Background: Plasmodium falciparum malaria remains one of the world's major infectious diseases that cause most morbidity and mortality, particularly in children. In Ghana, most children below the ages of 5 years depending on the severity of the infection often lose their lives. However, it is still debatable why infection with falciparum malaria contributes to thrombocytopenia.

Methods: This study sought to investigate the expression of the various platelet indices and activation markers in children with falciparum malaria.

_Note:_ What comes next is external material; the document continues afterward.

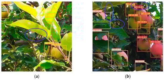 The potential causes for these missed detections include: (1) Excessive occlusion of the apples results in fewer visible pixels, which makes it challenging for the model to extract sufficient and effective discriminative features, thereby leading to missed detections. (2) As illustrated in Figure 15a, an apple that is mostly occluded by leaves and whose color closely matches the background increases the complexity of the detection task.

Platelet indices (Platelet count [PLT], Plateletcrite [PCT], Mean Platelet Volume [MPV], Platelet Distribution Width [PDW] and Platelet-Large Cell Ratio [P-LCR]) and platelet surface membrane glycoproteins (GPIIb/IIIa [PAC-1], P-selectin [CD62p] and GPIV [CD36]) expressions were determined in children with falciparum malaria (cases) and healthy children (controls) using automated blood cell analysis and flow cytometry techniques, respectively.

Results: Except for P-LCR, all the other platelet indices (PLT, MPV, PDW, and PCT) were significantly lower in the cases than the controls (P < 0.05). Also, it was observed that the level of expression of the activation markers; PAC 1 and CD62p showed a significant (P < 0.05) decreased before and after activation in falciparum malaria cases than in the controls. On the contrary, CD36 expression in the controls did not differ significantly (p > 0.05) from the malaria cases. Platelet activation markers were known to be associated with increased risk of falciparum malaria with the mean fluorescence intensity of PAC1 (Odds Ratio [OR] 34.0, Relative Risk [RR] 4.47, 95% Confidence Interval [CI] 4.904-235.7; p < 0.0001) and CD36 (OR 4.2, RR 1.82, 95% CI 0.9824-17.96; p = 0.04). Moreover, the percentage expression of CD62p (OR 4.0, RR 1.80, 95% CI 0.59-27.24; p = 0.19) was also observed to be probably associated with increased risk of falciparum malaria although not statistically significant (p > 0.05).

Conclusion: Plasmodium falciparum malaria has been known to be associated with platelet activation markers, which probably contributes to thrombocytopenia.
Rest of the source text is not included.